Keywords: Athlete, Metacarpal fracture


Metacarpal fractures are common in the general population, with an estimated incidence of over a quarter million in the USA annually, predominantly in males (76%), and peaking among 15–24-year-olds [1]. While punching a wall or door is by far the most commonly involved mechanism of injury, sporting activities account for the next largest portion, in particular American football [2]. The specific mechanism of injury leading to fracture may be direct impact against another player or the ground as in football or rugby, being struck by a hard ball at high velocity as in baseball or cricket, being struck by a stick or against a helmet as in hockey or lacrosse, or even repetitive stress from forcefully gripping an implement, such as a golf club, tennis racquet, or baseball bat. These injuries should be expected to remain common considering the growing popularity of sports, health, and fitness in our society. When discussing treatment options with athletes and deciding on return to play, attention should be given to factors including fracture location and pattern, hand dominance, the demands of specific sports and positions, patient age and level of play, proximity to the off-season, as well as league regulations regarding protective equipment.
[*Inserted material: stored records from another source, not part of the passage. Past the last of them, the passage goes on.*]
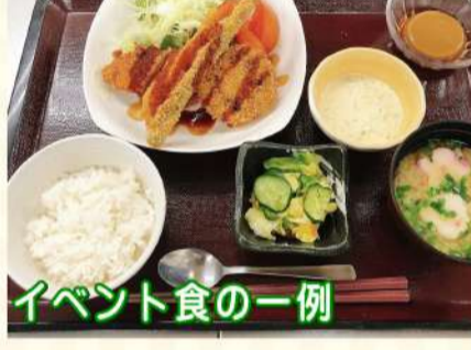
イベント食の一例

ピュアホームズグループならではの特典として、旅行事業部（PIT）の企画する特典旅行に無料でご招待（※）。他にも、弊社住マイル相談室による住み替え相談や、ケアマネジャーによる健康相談、福祉用具レンタル・販売など、様々な事業を手掛ける弊社ならではのチームケアで、お客様の日々の暮らしを更に充実させるお手伝いをさせて頂きます。
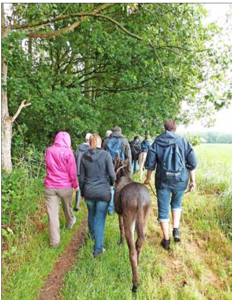
De vrijwilligers en vrienden van het opvangcentrum wandelen geregeld met de ezels.

Meer weten? Bel 0477 69 38 16 of surf naar www.anegria.be .
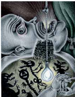
Stéphane Blanquet, Autoportrait , 2001 Crayon 15 x 21 cm Collection de l'artiste
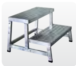
Grundmodul Best.-Nr. 50400
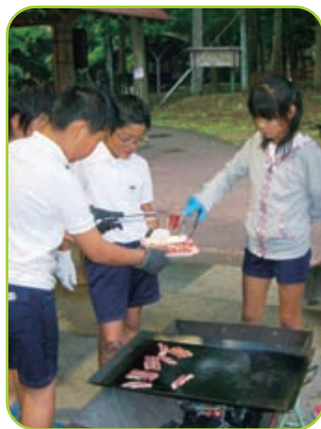
▲ おいしく楽しむバーベキュー
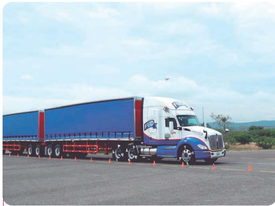
Organismos empresariales y la SICT buscan liberar las carreteras de Colima para proteger a turistas y familias.

The metacarpals are stabilized by the intrinsic muscles and intermetacarpal ligaments, particularly in the central rays (third and fourth), thus resisting shortening and rotation. In general, the fourth and fifth carpometacarpal joints are more mobile than the second and third, and therefore better accommodate distal deformity in their respective rays. Rotational malalignment may be poorly tolerated due to significant digital overlap interfering with grasp and manipulation, although the border rays (second and fifth) may be less likely to interfere if rotation is directed away from the other digits. At the metacarpophalangeal joints, the metacarpal heads have greater anteroposterior radius of curvature and transverse diameter volarly, while the collateral ligaments are eccentrically attached dorsal to the axis of rotation. This results in a cam effect, with the ligaments becoming tighter and more stable to lateral forces when in flexion, and conversely more lax when in extension.


Physical examination should include observation of skin integrity to rule out open fracture, gross deformation suggesting displaced fracture, and neurovascular function. Digital alignment must be observed throughout the full range of motion to assess digital overlap, which may sometimes be appreciated only in full flexion. The contralateral hand should also be assessed for comparison. However, it is important for both the patient and physician to understand some degree of overlap and variability may be normal. One study of 240 uninjured digits found that 90% of individuals had overlap of up to 50% of the adjacent nail plate, and most subjects had overlap involving different digits among both hands [3]. Therefore, hand function should be of greater priority than strict appearance and symmetry.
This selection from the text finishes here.